Anyone surprised about this at all? Measure, counter-measure, new measure, new counter-measure, etc,. There is a lot of money spent in what may never be obtainable and plenty of nuisance for consumers who simply want to back up their movies. In the 80s I used to purchase a new album, purchase a blank tape, play the album once and back it to tape then only play the tape until it wore out, broke, got lost, or… got melted on (or to) the car’s dashboard. Then a second playing of the pristine condition album was performed to make another backup for use while the original was safely tucked away.
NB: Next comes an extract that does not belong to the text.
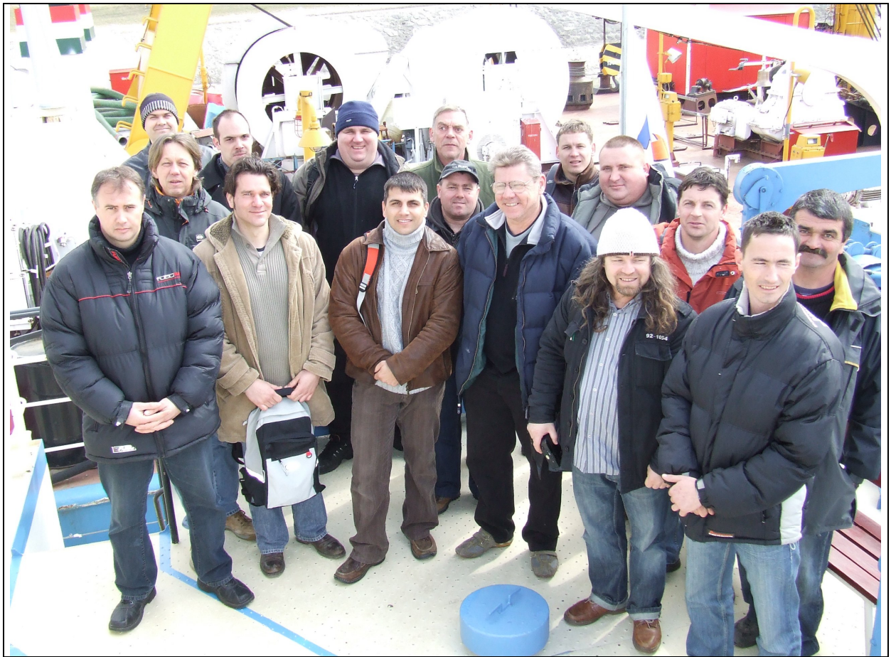
Túl vagyunk rajta!!!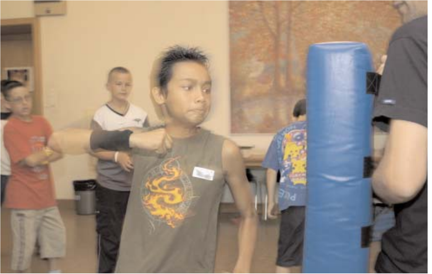
___DIE EIGENE KRAFT SPÜREN

If you are a parent of a child or teen that you have graciously allowed to have a DVD player in their room you may wish to allow said child or teen to play one of your well cared-for DVDs only to see it returned in a condition much reminiscent of something that was dragged down a dusty rocky road in the old West. A backup would come in handy in this situation. Your DVD player could one day break down and spin your DVD in a strange way that makes it unplayable. The door could accidentally close on your DVD. Of course those that make money on you buying the DVD in the first place want you to buy the same movie over and over and over.
/rant over : )
The press release basically had Slysoft thumbing its nose at Richard Doherty of the Envisioneering Group, who wrote in July 2007 that: “BD+, unlike AACS which suffered a partial hack last year, won’t likely be breached for 10 years.”
Couldn’t the BD+ protection scheme be tightened up with new encryption keys? That might be so, but van Heuen is not worried. He told Ars that “cracking updates will take significantly less time than the basic work we did the last 3 months (which was figuring out how BD+ works, since it is not documented in public).”
If you were holding back on buying Blue-ray titles due to worries that you wouldn’t be able to make your own backups, I suppose your concerns are no longer valid.